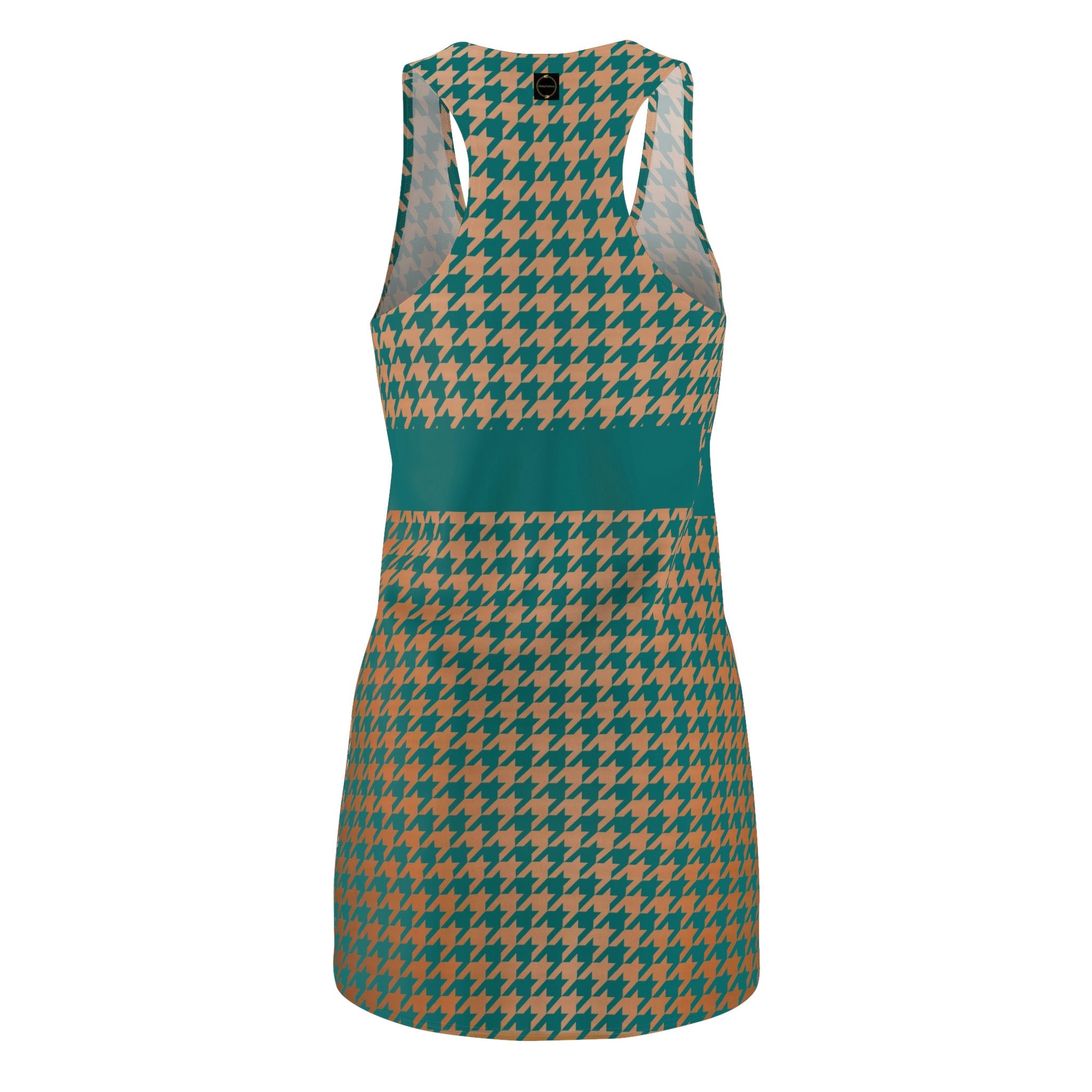 • Fabled Fashion Verdigris and Copper Houndstooth Women's Cut & Sew Racerback Dress (AOP)
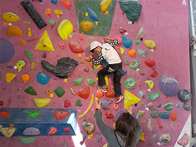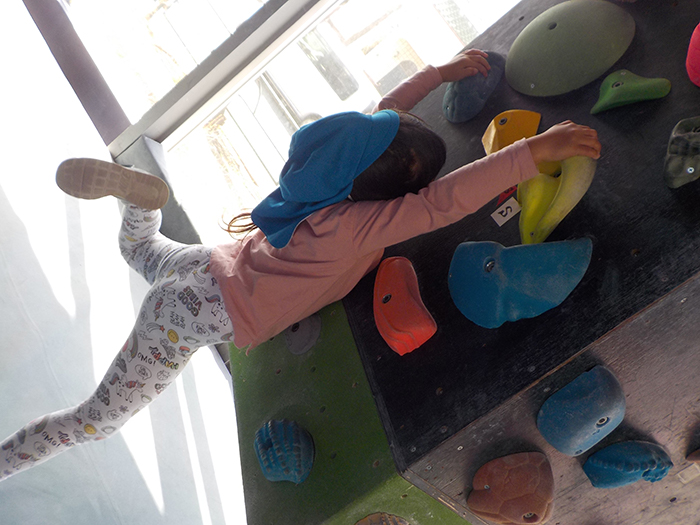 向きを変えてハイポーズ!余裕の表情でした。来年度より年長児が月に1回ボルダリングに通わせて頂けることになりました。今から楽しみです。
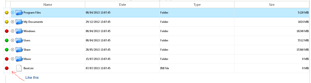 If I understand correctly, you want to insert a column before the expander element in RadGridView. If so, this would not be possible. However, if you can use the row header column cells for some kind of indication as you have demonstrates on the attached image. To do that you would have to use the ViewCellFormatting event of RadGridView:
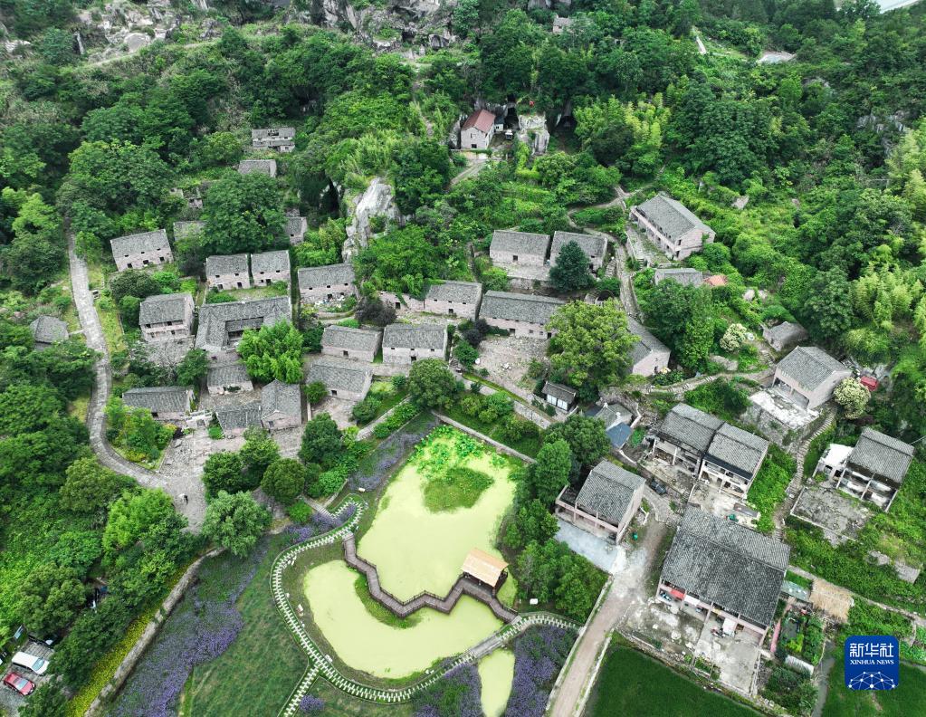 俯瞰蛇蟠島黃泥洞古村(6月14日攝,無(wú)人機照片)。
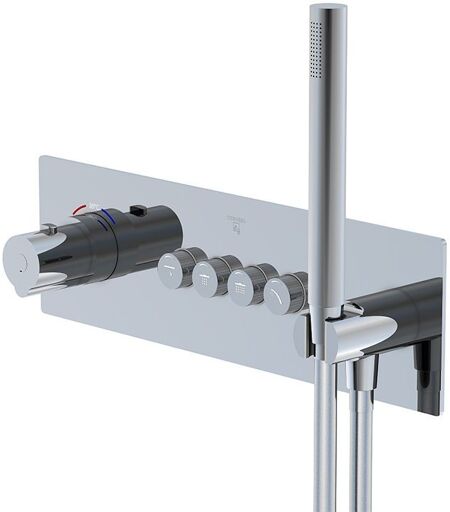 Unterputz-Thermostat ¾″ mit pushtronic Bedienkomfort, mit Mengenregulierung, mit Styropor-Einbaukasten, mit integriertem Schlauchanschluss und Brausehalter sowie einer Metall-Stabhandbrause und Brauseschlauch, 4 Buttons mit unterschiedlichen Symbolen im Lieferumfang enthalten, mit Thermostatkartusche, mit Abdeckplatte 120 mm x 396 mm, chrom Highlight: PUSHTRONIC MIT MENGENREGULIERUNG Von der angenehm weichen Regenbrause zum kräftigen, massierenden Wasserstrahl: Duschliebhaber schätzen das individuelle Wellness-Erlebnis in ihrem Bad. Das Unterputz-Thermostat mit Pushtronic-Bedienkomfort verfügt über eine einfach zu bedienende Mengenregulierung: Durch Drehen des jeweiligen Buttons wird die gewünschte Strahl-Intensität eingestellt. Details: Bitte beachten Sie, dass diese Badarmatur aufgrund des hohen Wasserdurchflusses leider nicht für Durchlauferhitzer geeignet ist. Dieses Produkt besteht aus massivem Messing. Abgerundet mit einer hochwertigen und langlebigen Chrom-Oberfläche für wunderschöne Lichtreflexe. Armatur mit Thermostat für eine Temperaturvoreinstellung und eine angenehme Regulierung der Temperatur. Mit einer integrierten Verbrühschutz-Sicherheitssperre bei 38°C. Zur Unterputzmontage - Technische Komponenten und Anschlüsse sind für ein stylisches Ambiente in der Wand versteckt. Dank des schlichten eckigen Designs fügt sich das Produkt in jedes Badambiente ein. Diese Armatur ermöglicht die Regulierung der Wassermenge. Mit dieser Armatur können Sie bis zu vier Verbraucher ansteuern (z.B. Handbrause, Kopfbrause, Wanneneinlauf). Möchten Sie weniger Verbraucher ansteuern (z.B. nur Handbrause und Kopfbrause) benötigen Sie eine Armatur mit weniger Umstellungsmöglichkeiten Technische Details: Durchlauferhitzer: Nicht für Durchlauferhitzer geeignet Material: Messing Farbauswahl: Chrom Armaturenart: Thermostat-Armatur Montageart: Unterputzmontage Design: Eckiges Design Mengenregulierung: Mit Mengenregulierung Umstellungsvarianten: Mit 4 Ausgängen weitere Details: UP-Thermostat ¾“ mit pushtronic mit Mengenregulierung für 4 Verbraucher mit Unterputz-Einbaurkörper chrom ...
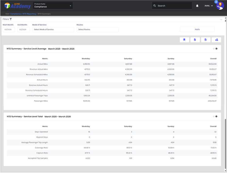 The NTD Summary report shows two sub reports: Service Level Average and Service Level Total. The Service Level Average report provides transit agencies many of the service supplied and service consumed values required by the S-10 Service Module reporting. These values include scheduled vs. actual miles and hours, unlinked passenger trips, average passenger trip length, and more.
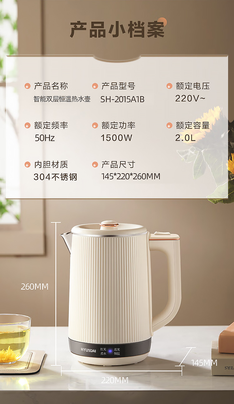 HYUNDAI智能双层恒温电热水壶
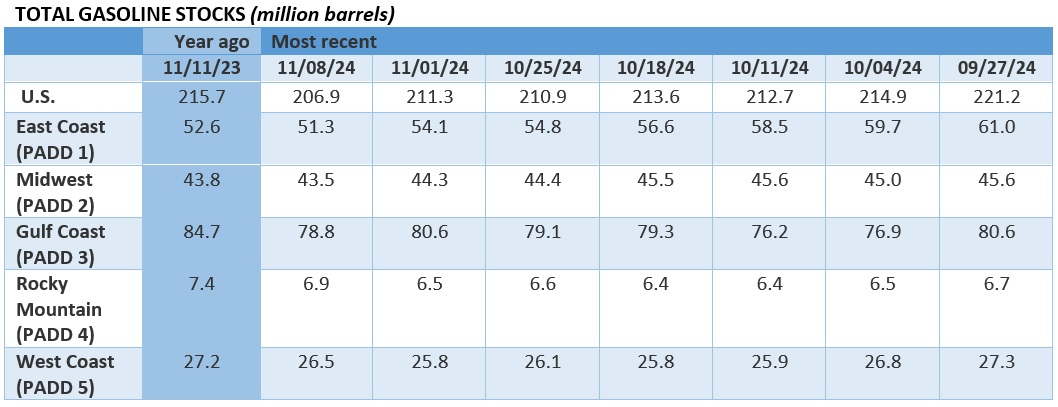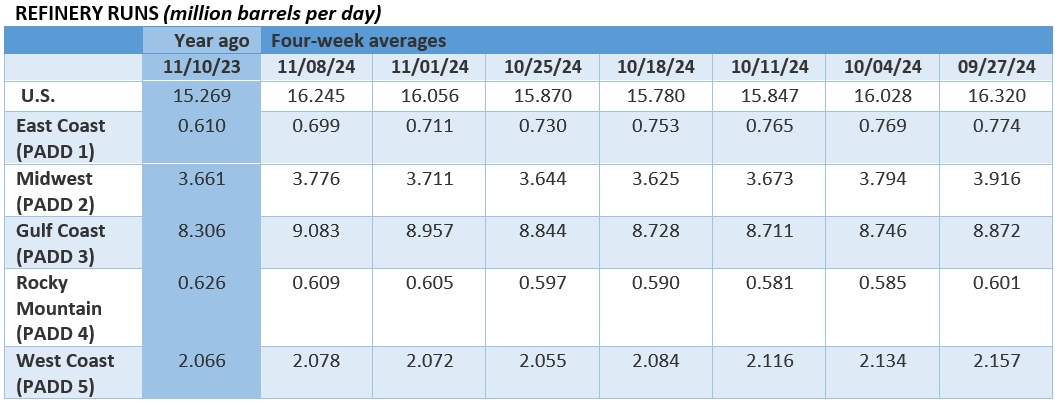 Surging Ethanol Output in U.S. Lifts Stocks. US ethanol production rose to an all-time high in the week ended 8 November, reaching 1.11 million b/d and marking a 6.3% year-over-year increase, as the current oversupply boosted U.S. inventories that jumped to 22 million barrels, with a particularly robust jump in U.S. Gulf stocks.
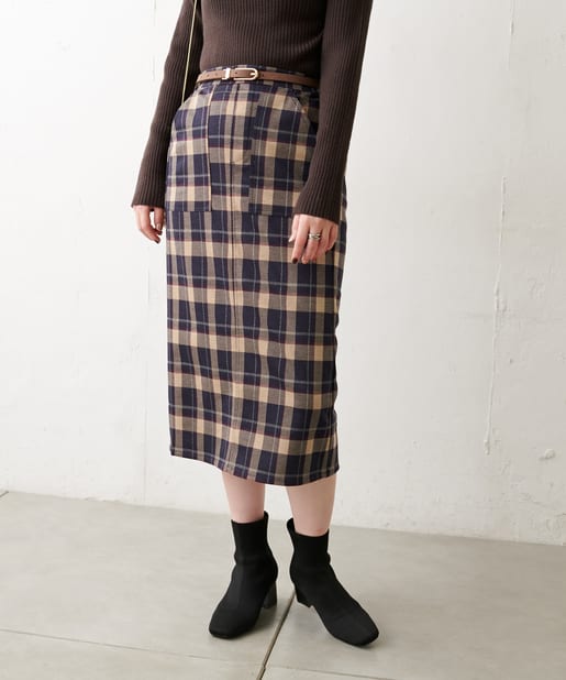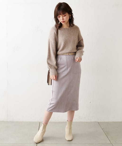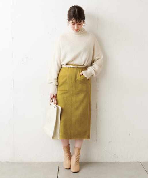 てろっとした落ち感、しっとり滑らかな肌ざわりが心地よい、スエード調ポンチ素材を使用したタイトスカート。
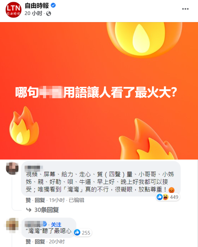 13日,島內深綠媒體《自由時報》發起了一項調查,征集網民看了“最火大”的大陸詞匯,最終“灣灣”一詞獲七百多人提名,被頂上熱評。
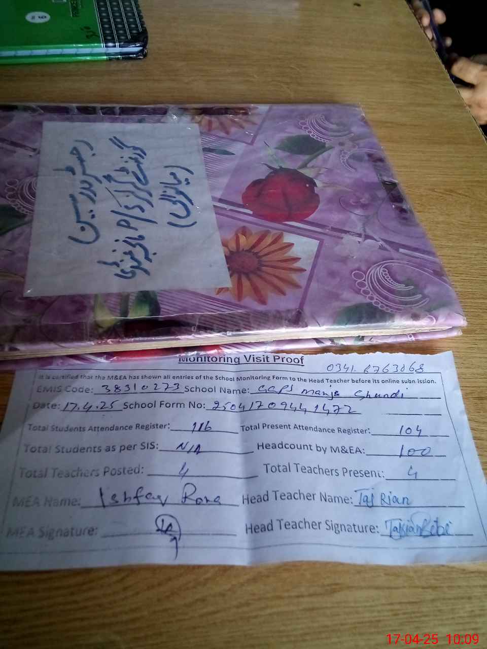 | EMIS Code: 38310273 | Name of School: GGPS MANJA GHUNDI | |||
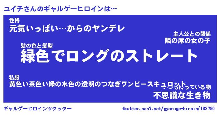 | ファンタジー風あだ名 | 『ユイフェル』『エターナルユイチー』 |
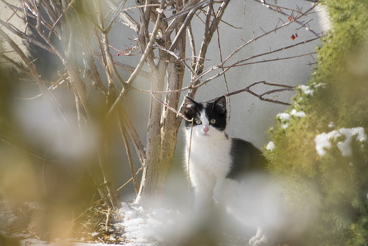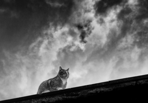 - This image's strength is in the framing and simplicity of elements, along with some great management in post converting to black-and-white. I do find that there could be more shadow on the cat, and that because of the editing the cat looks a little over-lightened and washed out. But a great capture and framing! Nicely done. ~ illona
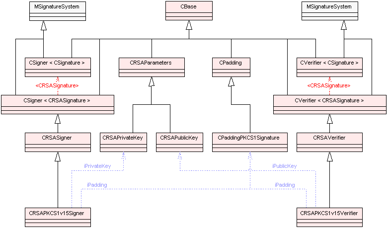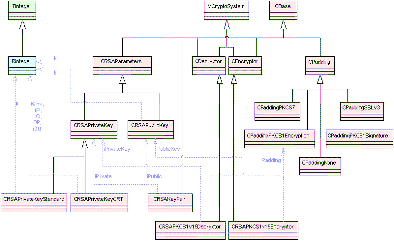 The diagrams below show the main classes used in asymmetric cipher framework. Blue dotted arrows indicate that a class is contained or used by another class. The arrows are labelled with the variable(s) through which the pointed class is accessible. The color of the boxes indicates the type of Symbian class, i.e., M , C , R or T class. For detailed information on each component see the Cryptography API Reference material.
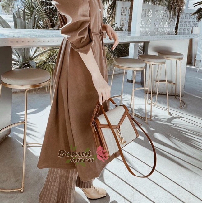 전면에 브론즈 메탈 하드웨어 생 로랑 로고를 통해
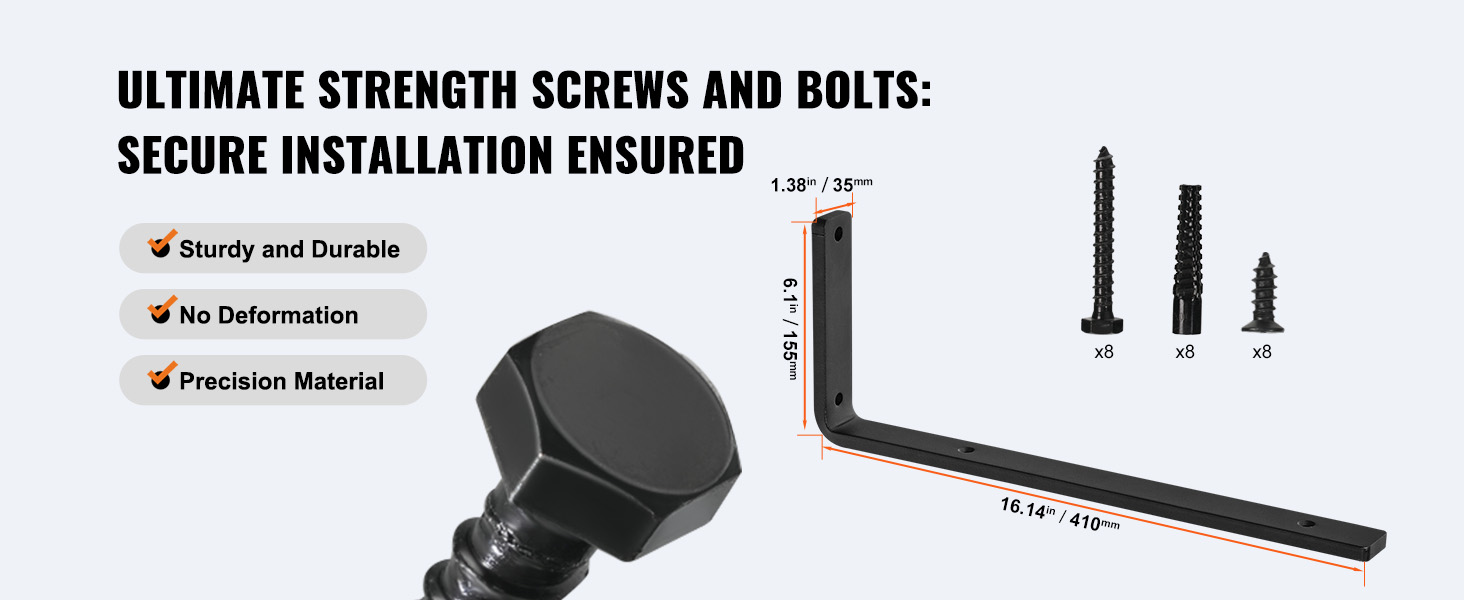 Držiaky na police tvar l, 4 ks, 16×6 in, 10 mm oceľ, nosnosť 160 lbs
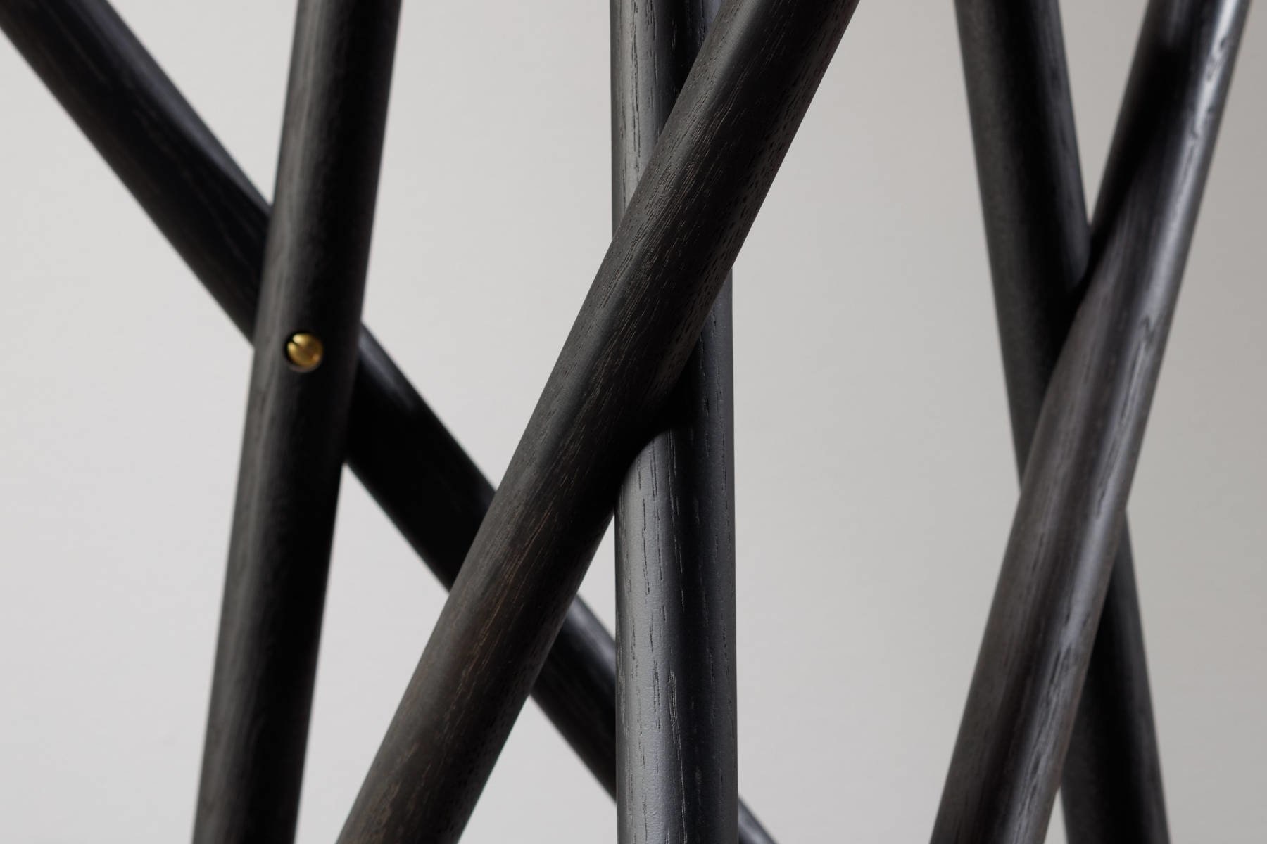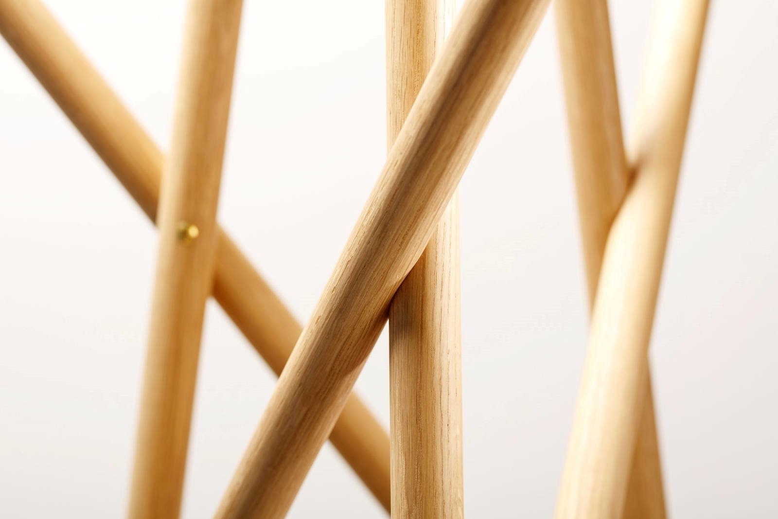 De eikenhouten stokken vallen mooi in een expressieve hoek en elke kant is in symmetrie.
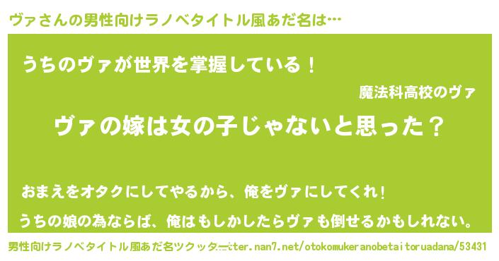 | 胡散臭い通販商品みたいなあだ名 | 『伝統あるサプリメント…その名も「ヴァ」』 |

Your instructions — Among the entries above, locate the line with "If I understand" and the line with "俯瞰蛇蟠島黃泥洞古村(6月14日攝,無(wú)人機照片)。". Give those two lines and all lines between them again, exactly, leaving out the pictures.

Reply to the exercise —
 If I understand correctly, you want to insert a column before the expander element in RadGridView. If so, this would not be possible. However, if you can use the row header column cells for some kind of indication as you have demonstrates on the attached image. To do that you would have to use the ViewCellFormatting event of RadGridView:
 俯瞰蛇蟠島黃泥洞古村(6月14日攝,無(wú)人機照片)。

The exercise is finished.